**What is needed**
Repeat the data exactly, leaving out any image.

┌──

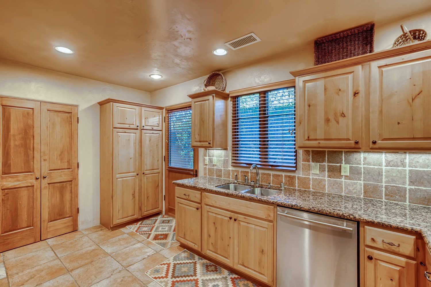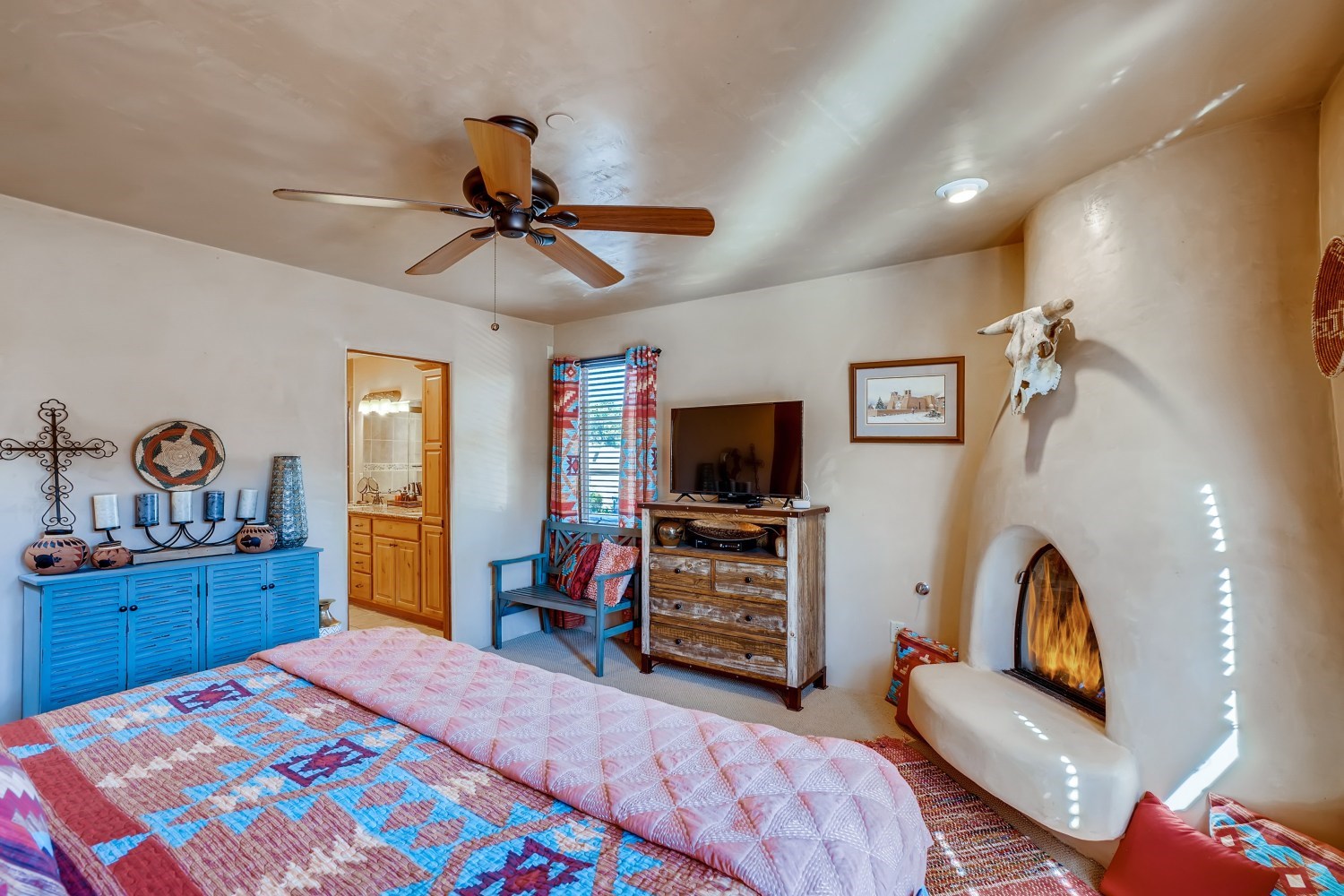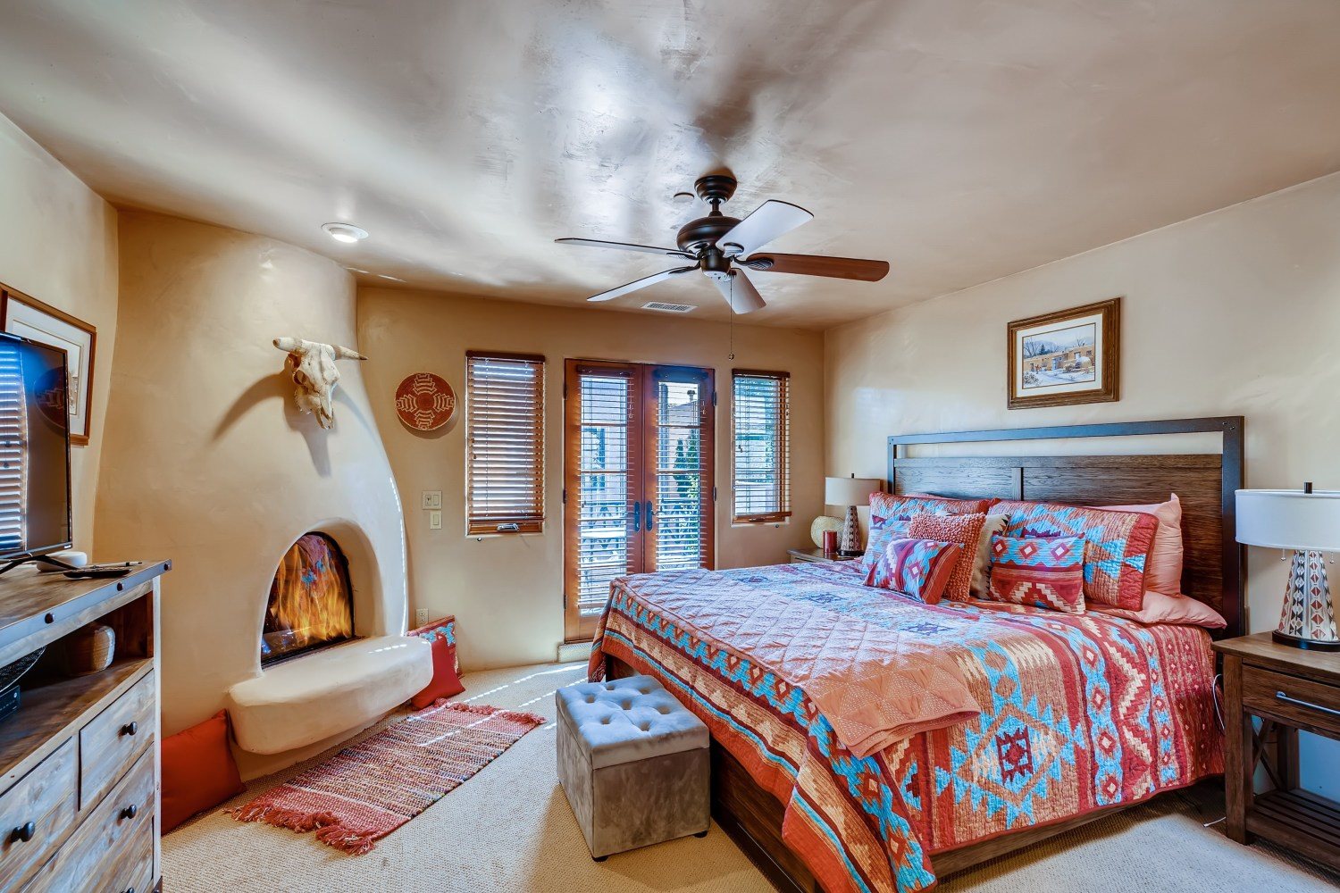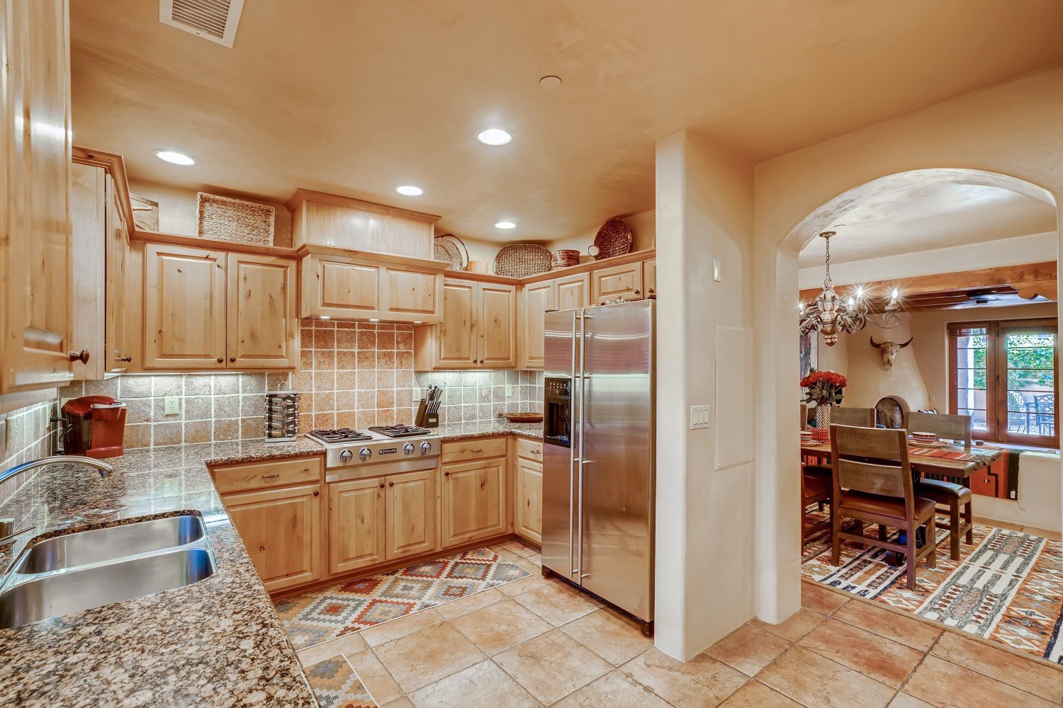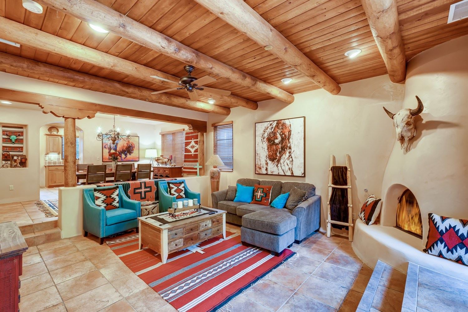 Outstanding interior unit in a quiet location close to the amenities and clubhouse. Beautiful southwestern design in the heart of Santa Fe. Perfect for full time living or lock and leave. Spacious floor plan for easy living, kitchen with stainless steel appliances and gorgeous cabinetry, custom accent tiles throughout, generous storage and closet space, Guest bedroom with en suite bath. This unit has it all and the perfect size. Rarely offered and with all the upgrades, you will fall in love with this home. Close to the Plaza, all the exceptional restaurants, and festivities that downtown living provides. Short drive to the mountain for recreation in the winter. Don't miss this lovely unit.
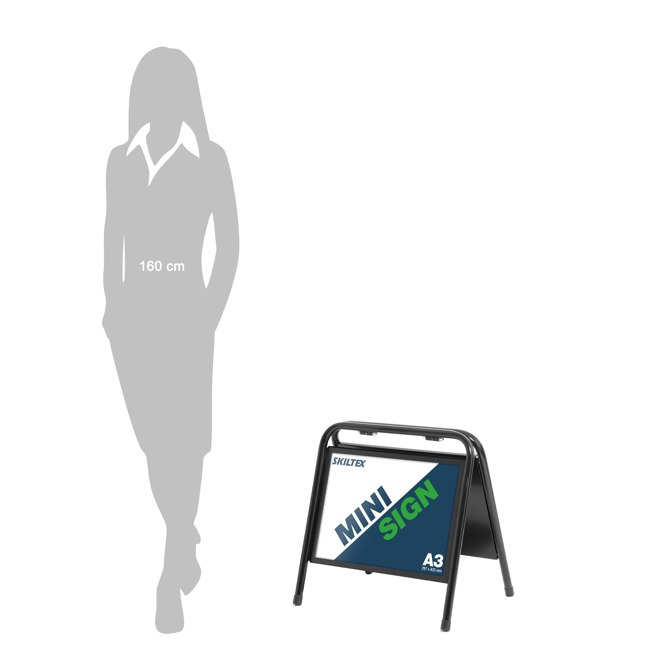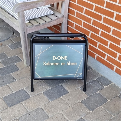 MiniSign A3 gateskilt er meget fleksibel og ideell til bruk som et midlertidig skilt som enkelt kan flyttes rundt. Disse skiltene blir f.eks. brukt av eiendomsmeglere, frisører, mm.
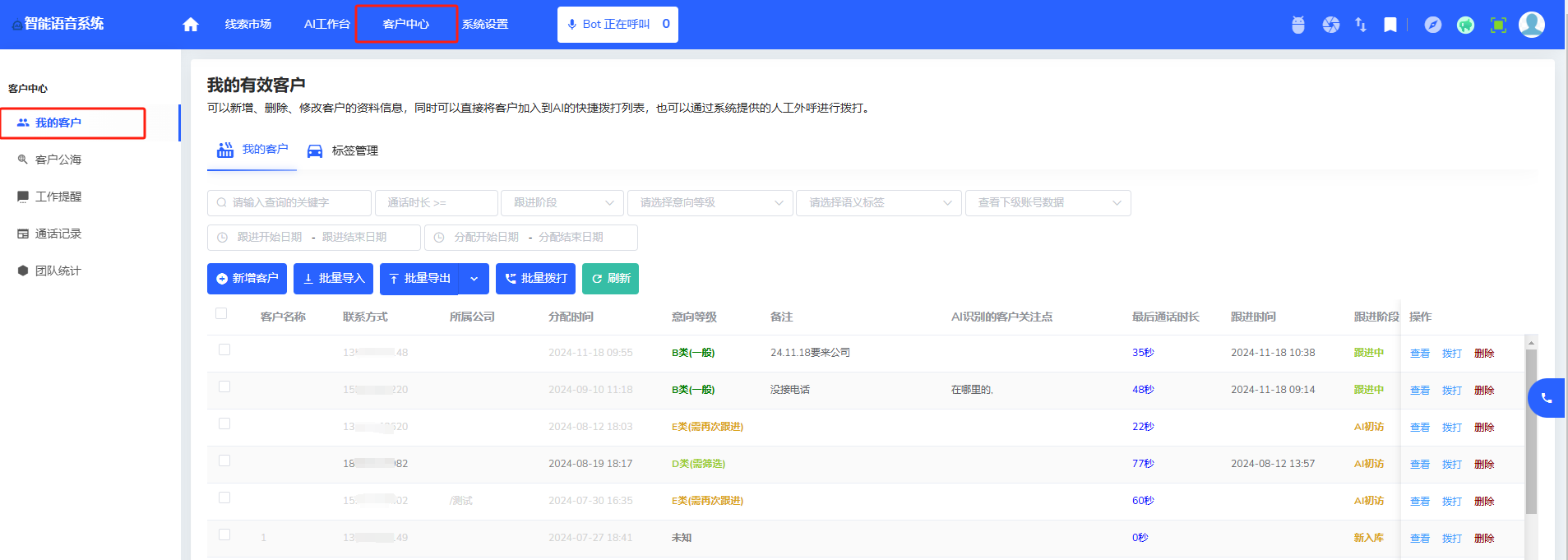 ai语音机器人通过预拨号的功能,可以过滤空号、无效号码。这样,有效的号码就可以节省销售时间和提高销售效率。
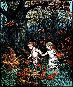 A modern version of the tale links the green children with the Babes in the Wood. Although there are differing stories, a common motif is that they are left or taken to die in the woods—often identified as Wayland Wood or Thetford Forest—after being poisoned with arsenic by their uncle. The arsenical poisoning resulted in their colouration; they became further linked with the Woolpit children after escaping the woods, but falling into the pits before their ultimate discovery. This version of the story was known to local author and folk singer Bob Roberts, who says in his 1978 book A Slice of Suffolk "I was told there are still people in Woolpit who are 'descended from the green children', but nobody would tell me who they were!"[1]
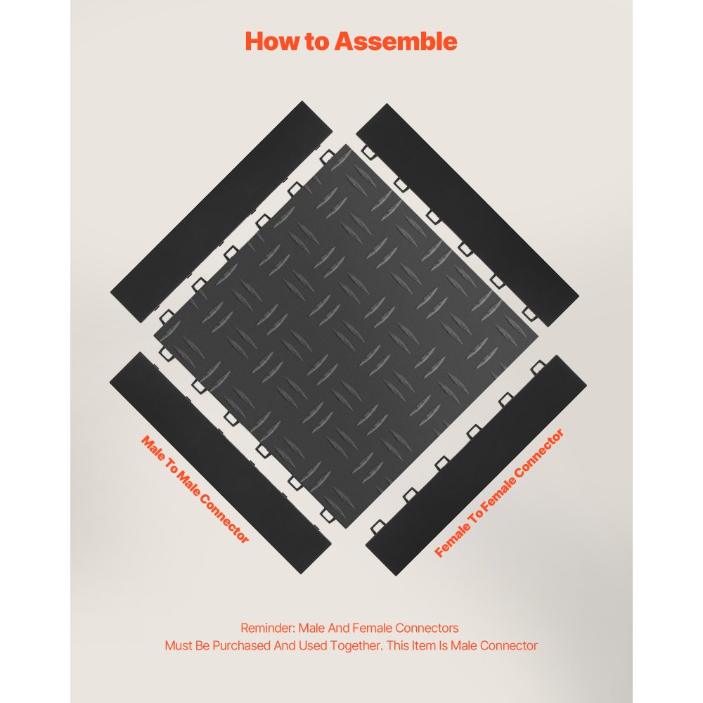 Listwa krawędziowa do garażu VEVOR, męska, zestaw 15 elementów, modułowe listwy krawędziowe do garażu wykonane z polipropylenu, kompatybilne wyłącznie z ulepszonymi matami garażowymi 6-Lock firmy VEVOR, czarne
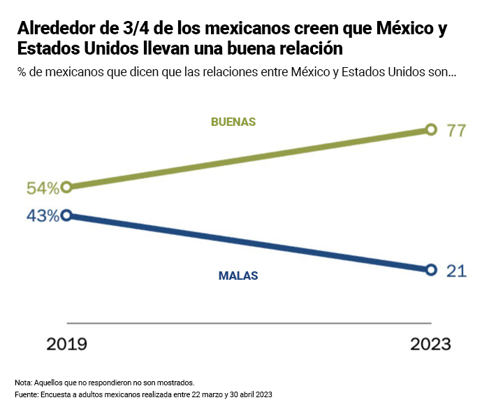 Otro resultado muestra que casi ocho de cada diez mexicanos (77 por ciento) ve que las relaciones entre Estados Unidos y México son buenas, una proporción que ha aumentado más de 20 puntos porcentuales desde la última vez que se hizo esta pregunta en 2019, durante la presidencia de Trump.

└──

**Written answer**
 Outstanding interior unit in a quiet location close to the amenities and clubhouse. Beautiful southwestern design in the heart of Santa Fe. Perfect for full time living or lock and leave. Spacious floor plan for easy living, kitchen with stainless steel appliances and gorgeous cabinetry, custom accent tiles throughout, generous storage and closet space, Guest bedroom with en suite bath. This unit has it all and the perfect size. Rarely offered and with all the upgrades, you will fall in love with this home. Close to the Plaza, all the exceptional restaurants, and festivities that downtown living provides. Short drive to the mountain for recreation in the winter. Don't miss this lovely unit.
 MiniSign A3 gateskilt er meget fleksibel og ideell til bruk som et midlertidig skilt som enkelt kan flyttes rundt. Disse skiltene blir f.eks. brukt av eiendomsmeglere, frisører, mm.
 ai语音机器人通过预拨号的功能,可以过滤空号、无效号码。这样,有效的号码就可以节省销售时间和提高销售效率。
 A modern version of the tale links the green children with the Babes in the Wood. Although there are differing stories, a common motif is that they are left or taken to die in the woods—often identified as Wayland Wood or Thetford Forest—after being poisoned with arsenic by their uncle. The arsenical poisoning resulted in their colouration; they became further linked with the Woolpit children after escaping the woods, but falling into the pits before their ultimate discovery. This version of the story was known to local author and folk singer Bob Roberts, who says in his 1978 book A Slice of Suffolk "I was told there are still people in Woolpit who are 'descended from the green children', but nobody would tell me who they were!"[1]
 Listwa krawędziowa do garażu VEVOR, męska, zestaw 15 elementów, modułowe listwy krawędziowe do garażu wykonane z polipropylenu, kompatybilne wyłącznie z ulepszonymi matami garażowymi 6-Lock firmy VEVOR, czarne
 Otro resultado muestra que casi ocho de cada diez mexicanos (77 por ciento) ve que las relaciones entre Estados Unidos y México son buenas, una proporción que ha aumentado más de 20 puntos porcentuales desde la última vez que se hizo esta pregunta en 2019, durante la presidencia de Trump.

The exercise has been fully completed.